Lifelong session man Al Kooper has rubbed elbows with many of rock's heavyweights including Bob Dylan, The Rolling Stones and Blood, Sweat and Tears. If you've ever been blown away by the familiar organ in Dylan's classic "Like A Rolling Stone" then you now know Al Kooper. Kooper has also been a producer, song writer, solo artist and professor of music during his five decades in the music business. This autobiography takes the reader through the life and times of Kooper. There are also many great photos in this book. (3.5 stars)
7. Backstage Passes: Life on the Wildside with David
Bowie-Angela Bowie w/ Patrick Carr (350 pp.) 1999.
I'm not much on these tell-all books. Angela Bowie is the ex-wife of rock star David Bowie. She shares many experiences of her ten year relationship with Bowie as well as happenings in her own life. Actually she probably could have downsized her book to one chapter and named it "Sex and Drugs and Rock-n-Roll". Boring... (1 star)
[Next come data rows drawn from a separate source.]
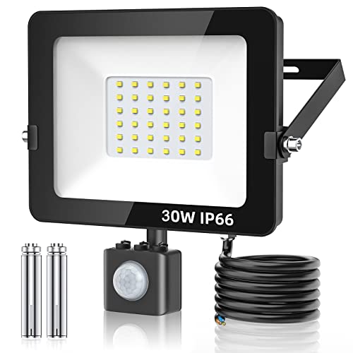 Totofac Motion Sensor Outdoor Security Light, 30W LED Floodlights with PIR Sensor, IP66 Waterproof Motion Sensor Outdoor Wall Light for Garden, Backyard, Garage, Doorways,6000K Daylight White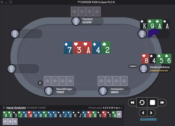 В последней раздаче (ниже) с третьим стеком трибетнул чипака, он колл, на флопе запихнулись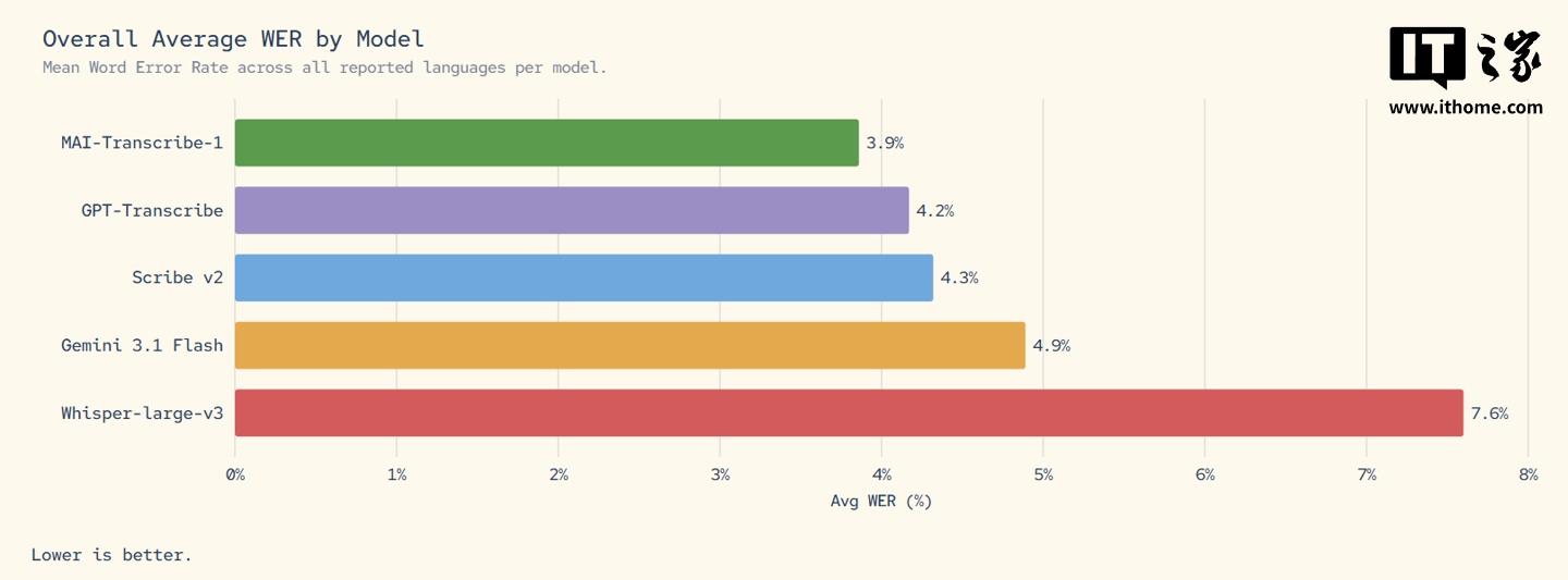 IT之家 4 月 3 日消息,微软昨日(4 月 2 日)发布公告,持续扩充自研 AI 模型版图,继 MAI-Voice-1 和 MAI-Image-2 之后,推出第三款自研模型 MAI-Transcribe-1,以 3.9% 的字错误率号称全球最精准转录模型。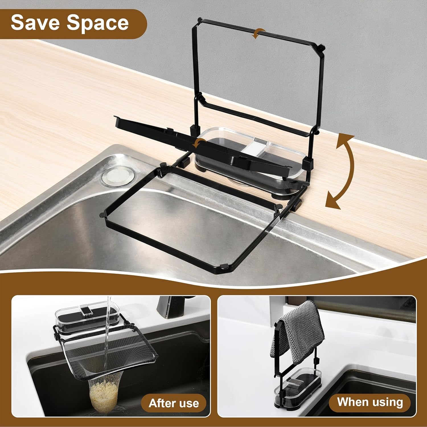 • 3.Space-Saving & Multi-Functional Design:Features a versatile design that rotates 90° to stand upright as a towel/dish rack or folds compactly when not in use. kitchen sink garbage strainer as a drain rack for fruits, veggies, and dishes.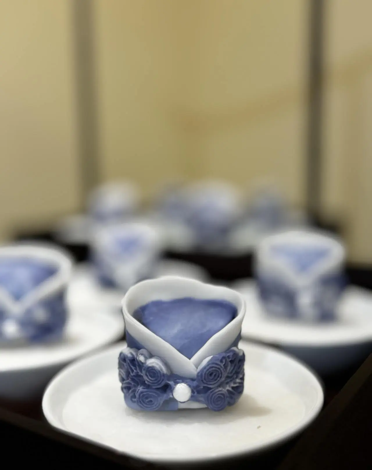如果吃过粤式茶点中的虾饺,再吃京杭上院的江南龙井虾仁饺,就会有耳目一新的感受。京杭上院的厨师把传统炒的龙井虾仁加入黑松露制作成馅料,还通过旗袍饺子的形式展示了烟雨江南的诗情画意。让客人在享受美食的过程中,也能感受中国传统文化。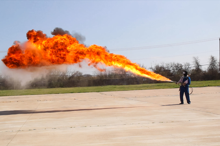 Flamethrower in action. a Flamethrower operational test.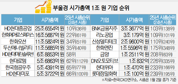 HD현대중공업(울산 동구)이 부울경 시총규모 1위로 전년 대비 14조 3812억 원이 커진 25조 6554억 원을 기록했다. 국내 시총 순위에서는 10위로 전년 대비 26계단이나 올랐다. 한화에어로스페이스(경남 창원시)는 시총이 16조 5687억 원으로 전년보다 39계단 상승한 22위에 올랐다. 한화오션(경남 거제시)과 두산에너빌리티(경남 창원시)는 각각 11조 5824억 원, 11조 5685억 원으로 34위, 35위를 기록했다.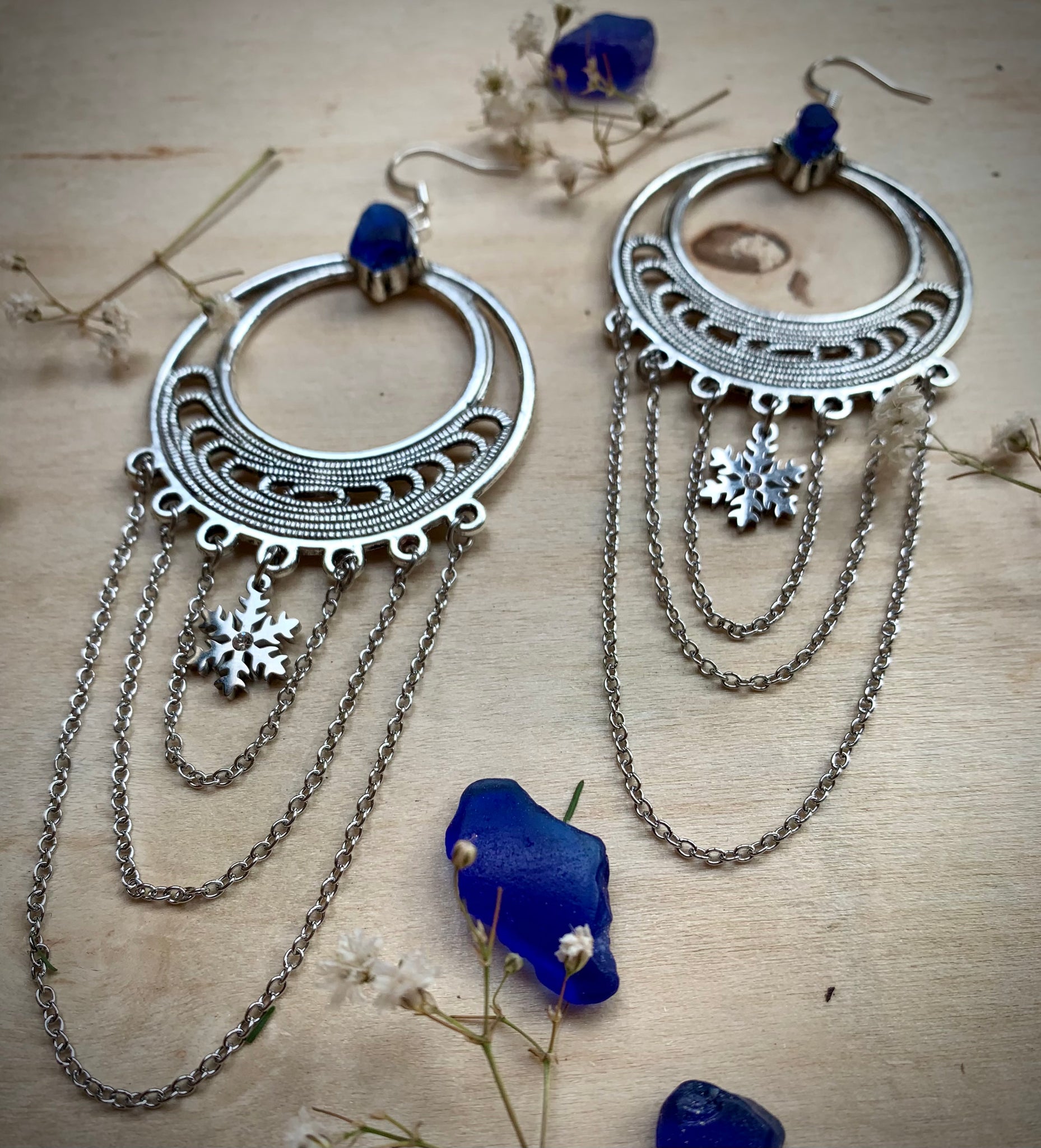 Cobalt blue sea glass, added chains and steal snowflake charm .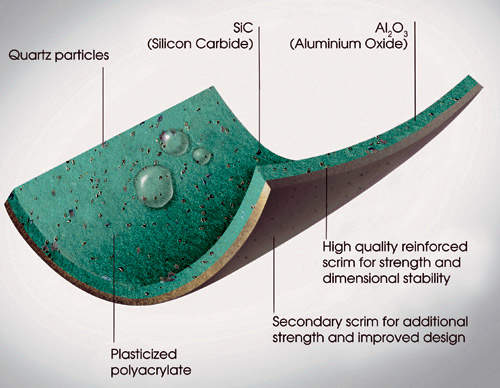 Gallium is a genuine safety flooring. It provides excellent slip resistance due to aggregates of silicon carbide, aluminium trioxide and quartz scattered through the wear layer.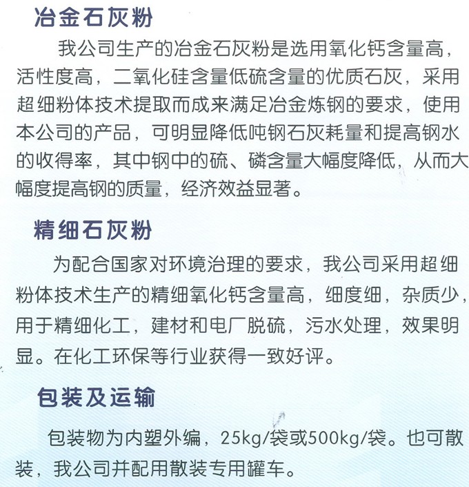 生產(chǎn)的氫氧化鈣、氧化鈣、重質(zhì)碳酸鈣、灰鈣粉,主要用于電力行業(yè)脫硫、污水處理、冶金、皮革、涂料、造紙化工等行業(yè)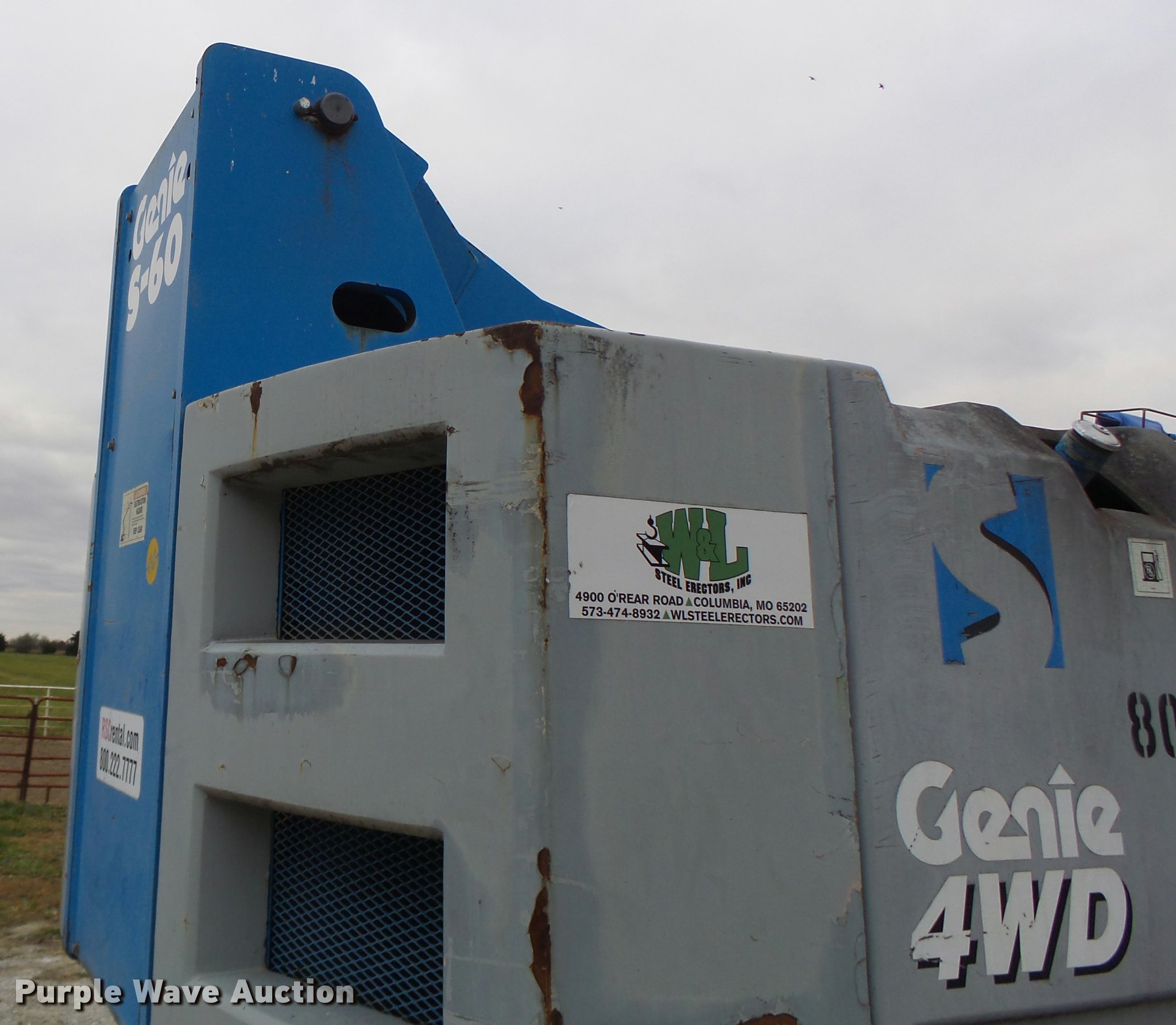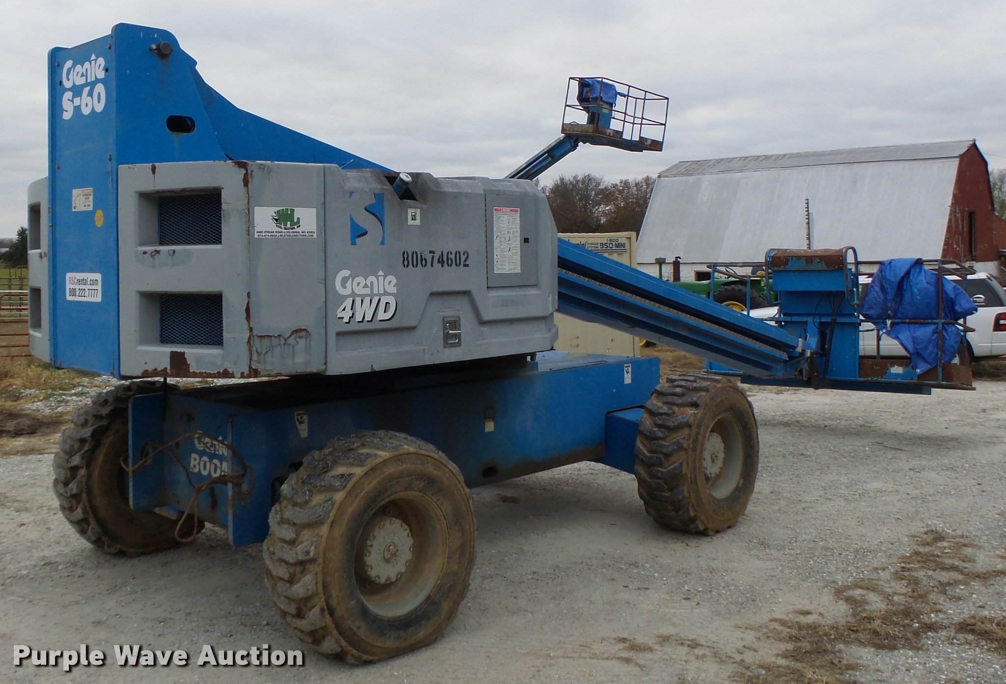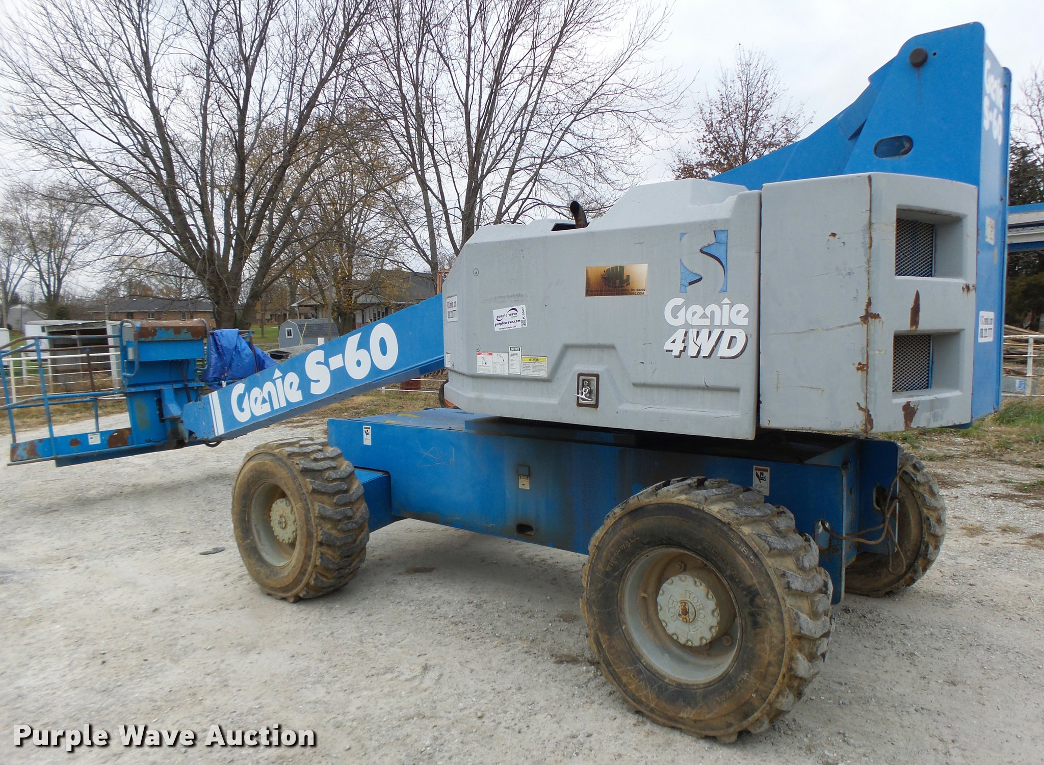Purple Wave is selling a used Boom Lift in Missouri. This item is a 1997 Genie S60 boom lift with the following: 7,342 hours on meter, Ford four cylinder dual fuel engine, Four wheel drive, 500 lbs maximum lift capacity, 60' maximum lift height, 3'L x 5'W platform, Platform and ground controls, AC power outlet, 15-19.5 tires, Serial 1533

8. Barbara Streisand: The Untold Story-Nelly
Bly (348 pp.) 1994.
An in-depth look at the highly successful and publicized life of Barbara "Babs" Streisand. Streisand has had great success as a recording star and actress and this biography follows her life as a child in Brooklyn up to her life-long acting and recording career. (3 stars)
9. The Collector's Guide to Heavy Metal-Martin
Popoff (538 pp.) 1996.
If you are into hard rock and heavy metal than this book is for you. Popoff rates over 3600 heavy metal and hard rock titles with interesting tidbits added for many. There is also a wealth of information about hard rock and heavy metal in general. Popoff obviously has done his research and it is evident that he has a love for the genre himself. If that's not enough to wet your metal palate, a 19 track cd sampler is included with the book. From Accept to Zebra it's all here. Raise thy metal fist into the air and bang your head! (5 stars)
10. Cash: The Autobiography-Johnny Cash w/ Patrick
Carr (432 pp.) 1997.
Johnny Cash is a country music legend. The "Man in Black" has been to hell and back during his historical career and lifetime. A brilliant recording career has been interrupted at various times by addiction, health issues and personal tragedy. He is a survivor in the truest sense and at the same time a great story teller. It almost feels like you are sitting with Cash on his back porch as he weaves tale after tale about his life and career. Well worth looking into. (4.5 stars)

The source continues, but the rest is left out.